As we approach the end of this financial year and clients prepare for tax time, we have provided a summary of the ATO’s ongoing focus on areas that they will target for tax deductions. To be prepared, please make sure that you review your situation before 30 June 2024.
These are some areas that ATO has openly advised that they will scrutinise:
Work-from-home expenses
Working from home is a normal part of life for many workers. While you can’t claim the cost of your morning coffee, biscuits or toilet paper (seriously, people have tried), you can claim certain additional expenses you incur. However, work-from-home expenses are an area of ATO scrutiny.
There are two methods of claiming your work-from-home expenses;
- the short-cut method, and
- the actual method.
The short-cut method allows you to claim a fixed 67c rate for every hour you work from home. This covers your energy expenses (electricity and gas), internet expenses, mobile and home phone expenses, and stationery and computer consumables such as ink and paper. To use this method, you must keep a record of the actual days and times you work from home because the ATO has stated that they will not accept estimates.
The alternative is to claim the actual expenses you have incurred on top of your regular running costs for working from home. You will need copies of your expenses and your diary for at least four continuous weeks that represent your typical work pattern.
Rental Properties- Landlords beware
If you own an investment property, a key concept to understand is that you can only claim a deduction for expenses you incurred in the course of earning income. That is, the property needs to be rented or genuinely available for rent to claim the expenses.
It sounds obvious, but taxpayers claiming investment property expenses when family or friends were using the property, it was taken off the market for some reason, or it was listed for an unreasonable rental rate is a significant focus for the ATO, particularly if the property is in a holiday hotspot.
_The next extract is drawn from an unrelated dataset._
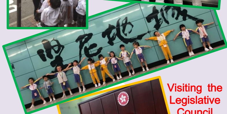
Visiting the Legislative Council

The ATO is actively pursuing a series of issues this tax season. These include:
- Refinancing and redrawing loans – you can generally claim interest on the amount borrowed for the rental property as a deduction. However, where any part of the loan relates to personal expenses or where part of the loan has been refinanced to free up cash for your personal needs (school fees, holidays, etc.), then the loan expenses need to be apportioned, and only that portion that relates to the rental property can be claimed. The ATO matches financial institution data to identify taxpayers claiming more than they should for interest expenses.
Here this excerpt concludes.